D. Registered and Used in Bad Faith

The Complainant is must prove under paragraph 4(a)(iii) of the Policy that the disputed domain name has been registered in bad faith and is being used in bad faith. Paragraph 4(b) of the Policy lists four illustrative alternative circumstances that shall be evidence of the registration and use of a domain name in bad faith by a Respondent, namely:

“(i) circumstances indicating that you have registered or you have acquired the domain name primarily for the purpose of selling, renting, or otherwise transferring the domain name registration to the complainant who is the owner of the trademark or service mark or to a competitor of that complainant, for valuable consideration in excess of your documented out of pocket costs directly related to the domain name; or

(ii) you have registered the domain name in order to prevent the owner of the trademark or service mark from reflecting the mark in a corresponding domain name, provided that you have engaged in a pattern of such conduct; or

(iii) you have registered the domain name primarily for the purpose of disrupting the business of a competitor; or

(iv) by using the domain name, you have intentionally attempted to attract, for commercial gain, Internet users to your web site or other on-line location, by creating a likelihood of confusion with the complainant’s mark as to the source, sponsorship, affiliation, or endorsement of your website or location or of a product or service on your website or location.”
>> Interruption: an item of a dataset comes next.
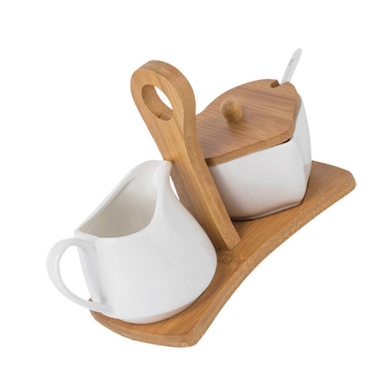 Ceramic Kitchen Storage Set with Tray and Spoon, Elegant Sugar Jar and Spice Containers

The provisions of paragraph 4(b) of the Policy are without limitation, and bad faith registration and use may be found alternatively.

On the evidence, the Respondent has registered and used the disputed domain name comprising solely the trademark of a long-established school and has used the website to which it resolves with intent to redirect Internet users to a pornographic website. The Respondent’s website has also been used to display to viewers a notice headed “IMPORTANT NEWS WILL POST SHORTLY”. The notice makes reference to children and in all the context it may reasonably be inferred that it refers to the Edinburgh Academy. The notice uses words including “mistakes”, “lies” and “cover ups”. The Panel has decided in paragraph 6C above that the Respondent does not have rights or legitimate interests in the disputed domain name on the basis of it being an intended criticism site or for any other reason. Paragraph 4(b)(iii) of the Policy provides for a finding of bad faith where the Respondent has registered the disputed domain name primarily for the purpose of disrupting the business of a competitor. The definition of a competitor in the context is wide (Mission KwaSizabantu v. Benjamin Rost, WIPO Case No. D2000-0279: “The natural meaning of the word “competitor” is one who acts in opposition to another and the context does not imply or demand any restricted meaning such as a commercial or business competitor”). On the balance of probabilities, the Panel finds the disputed domain name to have been registered and used by the Respondent in bad faith for the purpose of disrupting the business of the Complainant within the general provisions of paragraph 4(a)(iii) of the Policy and specifically in the terms of paragraph 4(b)(iii) of the Policy.

7. Decision

For the foregoing reasons, in accordance with paragraphs 4(i) of the Policy and 15 of the Rules, the Panel orders that the disputed domain name <edinburghacademy.org> be transferred to the Complainant.